The problem becomes apparent when you call the functions the way hcubature calls them, with individual values:

julia> cf = x -> cop2019(x[1],x[2],delta,thetaW);

julia> jf = x -> joedensity.(x[1],x[2],alpha);

julia> xin = [0.1, 0.2];

julia> cf(xin)
1-element Vector{Float64}:
 1.5478771875651165

julia> jf(xin)
1.883131054500218

The basic difference is that joedensity is called with a broadcast, and when such a call is made with only scalar values, its return value is also a scalar. cop2019 however always returns a Vector value because that's how the function has been defined.

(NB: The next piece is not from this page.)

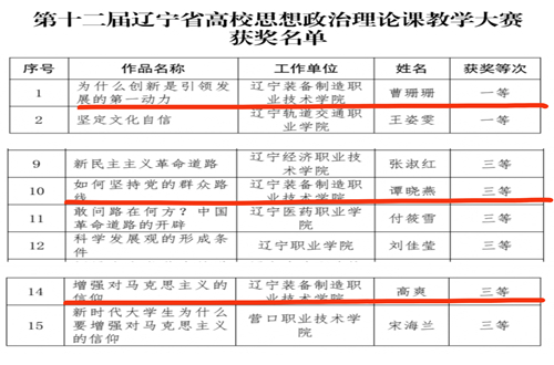2023年10月13日,第十二屆遼寧省高校思想政治理論課教學(xué)大賽決賽于沈陽遼寧大廈圓滿收官。本次大賽共有來自全省85所高校的364名選手參賽,經(jīng)過激烈角逐,我校教師曹珊珊在“習(xí)近平新時代中國特色社會主義思想概論”課程比賽中,以高職組第一名的成績獲得一等獎,譚曉燕、高爽老師分別獲得“毛澤東思想和中國特色社會主義理論體系概論”和“思想道德與法治”課程組三等獎,充分展示了我校思政課教師良好的精神風(fēng)貌和扎實的專業(yè)功底。

A temporary fix for this is to change its last line to only(map(x -> jointdist(x,delta,thetaW), eachcol(y)) ./ (marg.(y[1,:],delta) .* marg.(y[2,:],delta))).

Trying that change, the original type error about convert goes away; there's a new DomainError about the integrand function, but I believe that error is more domain-specific (no pun intended) to your numerical problem.

ERROR: DomainError with 0.5015637133281883:
integrand produced NaN in the interval (0.5015637133281599, 0.5015637133282168)

However, a more correct fix would be to change the cop2019 function to work on individual values rather than whole vectors, and just like joedensity, have it return a single value.